Na clínica, quando possível e, a meu ver, útil, procuro delinear em breves intervenções a ideia de processo, tanto dentro do processo analítico como um todo (“lembrei-me de algo que você me dizia no começo da análise, e que hoje não me diz mais”), ou mesmo dentro do intervalo de uma única sessão (“no começo da sessão você me parecia aborrecido, agora está diferente”), algo que indique que estados emocionais se sucedem, e que o indivíduo existe em todos eles. Na análise em alta frequência, observo, a percepção de transformação dos estados emocionais está favorecida, uma vez que o relato dirigido ao analista – em voz alta, sobre si mesmo – estimula o contínuo observar do mundo interno e suas variações. Então por vezes ouço, “como mudamos rápido, ontem estava de um jeito, hoje estou de outro”, facilitando a percepção do paciente de existência contínua, onde um estado sucede o anterior, e a constante é a existência do eu. “Eu sei que vai passar”, disse-me uma paciente certa vez, “mas não sinto que vai passar”. Penso ser de grande valia manter em mente essa característica perturbação da experiência de temporalidade na posição esquizoparanoide: apresenta-se como uma via útil para o trabalho de elaboração desse estado de mente, algo que, quando ressaltado pelo analista, tem o potencial de chamar a atenção do paciente (em que predominam aspectos não-psicóticos) para um funcionamento psíquico no mínimo “esquisito”, o que pode desaguar no entendimento de que o que ele percebe pode não ser o que é – e daí o sentimento de esperança, algo progressivamente perdido pelo Sr. K, que, ao final do livro, caminha resignadamente em direção a seu carrasco.
Referências
KAFKA, F. (1925). O Processo. São Paulo: Companhia das Letras, 2005.

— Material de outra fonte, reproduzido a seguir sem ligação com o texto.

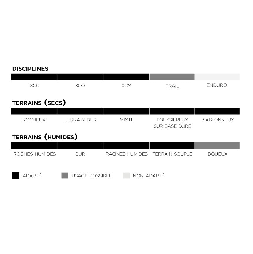 Profil M : Optimisé pour un grip maximal sur terrains techniques et plus meubles.
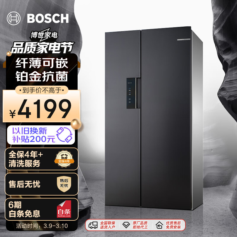 博世(BOSCH)【灰阶纤薄】502升超薄可嵌入式变频大容量风冷无霜对开双开门家用冰箱KXN50A97TI 以旧换新价格:4599.00元!

KLEIN, M. (1946). Notas sobre alguns mecanismos esquizoides. In: Klein, KLEIN, M., HEIMANN, P., ISAACS, S., RIVIERE, J. Os Progressos da Psicanálise. Rio de Janeiro: LTC, 1982.
OGDEN, T. (1994) Subjects of Analysis. Lanham: Rowman & Littlefield, 2004.
STEINER, J. (1933). Refúgios Psíquicos. Rio de Janeiro: Imago Ed., 1997.
Dicionário Houaiss da Língua Portuguesa, www.houaiss.online.
Enciclopédia Britannica, www.britannica.com.
[1] Membro associado SBPSP, editora do Jornal de Psicanálise.
[2] Essas informações, que são conhecidas no mundo literário, podem ser encontradas em mais detalhes no site da Enciclopédia Britânica, www.britannica.com.
[3] Ressalto, neste trabalho, apenas um aspecto (a experiência da dimensão temporal) das posições esquizoparanoide e depressiva que, evidentemente, são organizações psíquicas em que diversos elementos constantes se apresentam e as tornam características. Para uma compreensão mais profunda, sugiro a leitura de Klein (1946).
[4] Uma reflexão importante a este respeito é proposta por Steiner em “Refúgios Psíquicos” (1993).